The West has always embraced its outlaws.

Jesse James’s birthplace in Kearney, Missouri, just outside Kansas City, was long ago turned into a museum that includes “guns and the boots Jesse was wearing when he was killed by Bob Ford.”

There’s a Billy the Kid museum in Fort Sumner, New Mexico, where he was killed by Sherriff Pat Garrett in 1881 (at the age of 21), and another Billy the Kid museum in Hico, Texas —which makes the unlikely claim that he wasn’t killed after all, but lived in Hico till the ripe old age of 91.

The Butch Cassidy museum in Montpelier, Idaho, commemorates his last bank robbery, when Butch escaped with “$5,000-$15,000 in gold, silver and currency” from the Bank of Montpelier. Utah, meanwhile, is building not one, but two Butch Cassidy museums — one of which will be in Circleville, 200 miles south of Salt Lake City, where the famous outlaw was born.

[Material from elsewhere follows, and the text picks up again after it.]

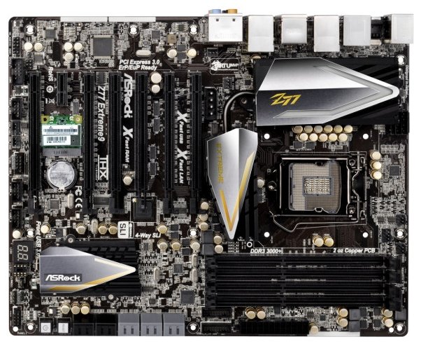 Socket: LGA1155, chipset name: Intel Z77, form factor: ATX, processor manufacturer: Intel, memory type: DDR3 DIMM, number of memory slots: 4, number of PCI-E x16 slots: 6, number of PCI-E x1 slots: 1 , wireless interfaces: Bluetooth, Wi-Fi 802.11n,

And then there’s Telluride, Colorado, where a prominent plaque recalls, with considerable fondness, the lawless exploits of Charles D. Waggoner.

Charles D. who???

Waggoner was neither a gunslinger nor a bank robber. Rather, he was a banker, the president of the Bank of Telluride. In 1929, Waggoner saw what was coming with more clarity than most. In “Telluride Promise,” a lightly fictionalized account of Waggoner’s exploits, the writer Edward Massey imagines what the Telluride banker must have been thinking as the Great Depression approached:

I had been watching what was going on in the whole country and any damn fool could see, the loans were too much, the credit was too shaky, and every month more banks were failing. It was like a big wave coming in to shore and I was pretty damn convinced we were all going to get drowned by it. Right here and now and not just in our little town. Those big banks were going to be unable … to give us back the money we put on deposit with them. I needed the money to give my depositors back their money. It was better off in their mattress than in my bank … any bank … for the next couple of years.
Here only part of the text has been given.